Google Kick Start Round G - Walktober Problem Solution | ATC Tech Adda

Google Kick Start Round G - Walktober Problem Solution

Problem: John participates in an annual walking competition called Walktober. The competition runs for a total of N days and tracks the daily steps of the participants for all the N days. Each participant will be assigned a unique ID ranging from 1 to M where M is the total number of registered participants. A global scoreboard is maintained tracking the daily steps of each participant.

John is determined to win Walktober this year and his goal is to score the maximum daily steps on each of the N days among all the participants. Having participated in Walktober last year as well, he wanted to know how many steps he fell short of in achieving his goal.

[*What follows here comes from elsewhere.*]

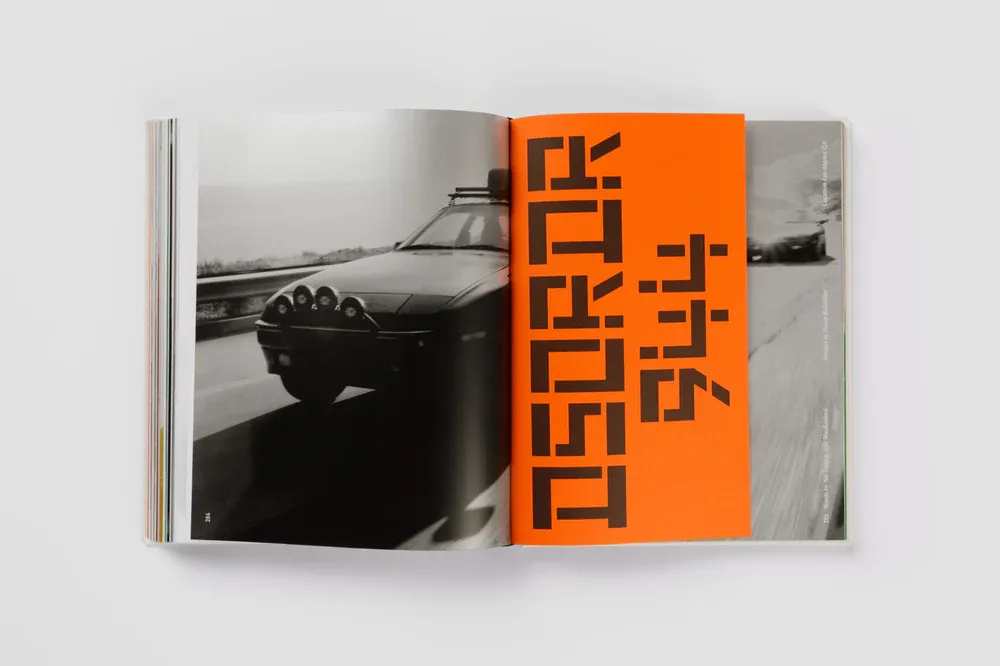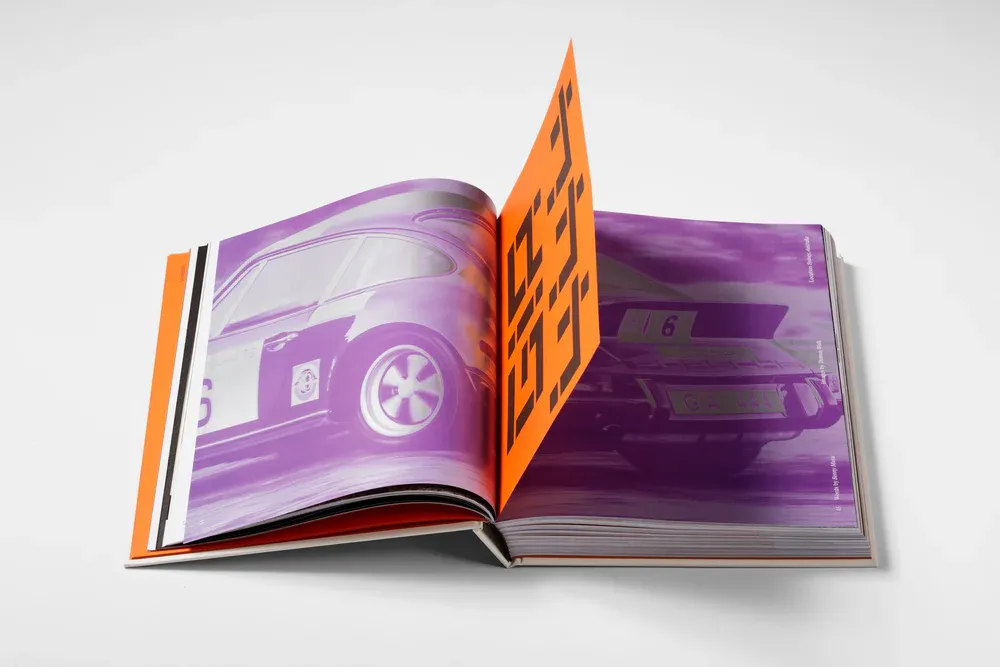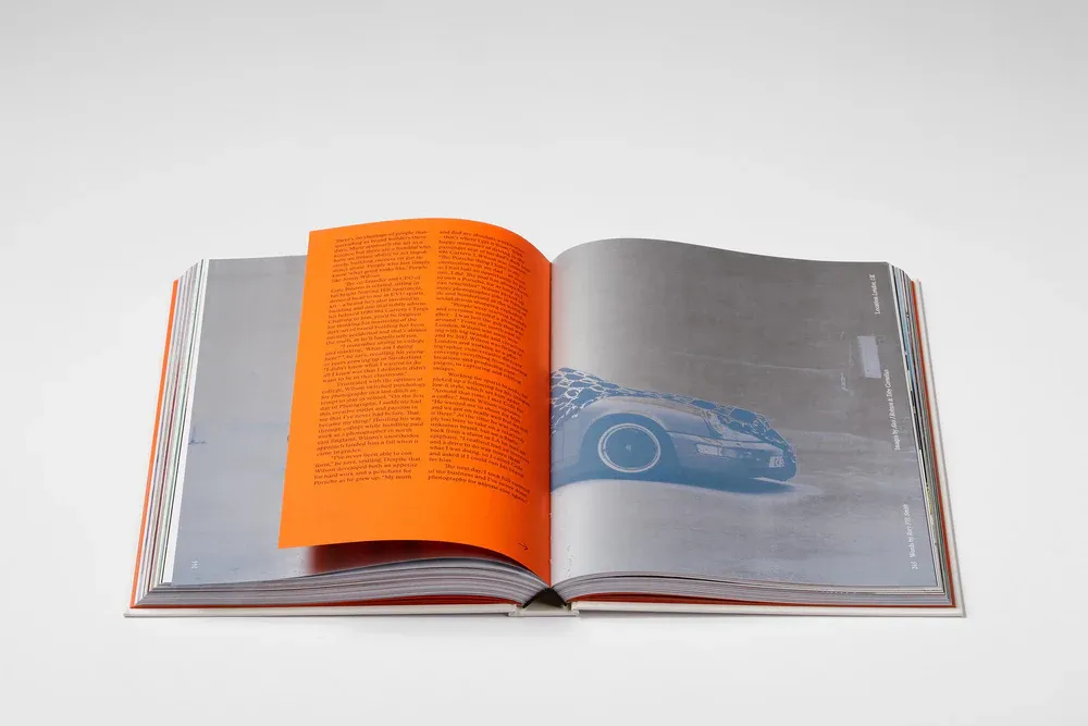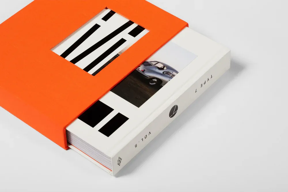 Published in limited edition, unravel the uniquely-designed cardboard tear strip in the shape of the Type 7 logo and unveil the striking orange slipcase beneath. Reflecting the five years of Type 7, five unique artworks from creatives spotlighted within the book are featured on the cover; Brittany Fanning’s instantly-recognisable surrealist style features a cat lazily perched on the hood of a Porsche 911, DC Shoes co-founder Damon Way’s Joy Division-inspired Porsche 944 awaits its next drive, a 911 rev limiter races towards the redline, Aiden de Cadenet’s heirloom Porsche 356 soaks in the sunset on Mulholland Drive, and a renowned historic Porsche 911 rally car attacks a stage in a historical photograph. Metallic inks and tip-in pages weave through the book, creating an experience as surprising as the stories and rich photography within.

Given the previous year scoreboard, calculate the minimum additional steps he needed over his last year score in order to achieve his goal of scoring the maximum daily steps every day.

Input: The first line of the input gives the number of test cases, T. T test cases follow. The first line of each test case contains three integers M, N, and P denoting the total number of participants, the total number of days the competition runs, and the last year participant ID of John.
The next M lines describe the scoreboard of the previous year and contains N integers each. The j-th integer of the i-th line denotes the step count Si,j of the participant with ID i on the j-th day of the competition.

Output: For each test case, output one line containing Case #x: y, where x is the test case number (starting from 1) and y is the minimum total additional steps needed by John to achieve his goal.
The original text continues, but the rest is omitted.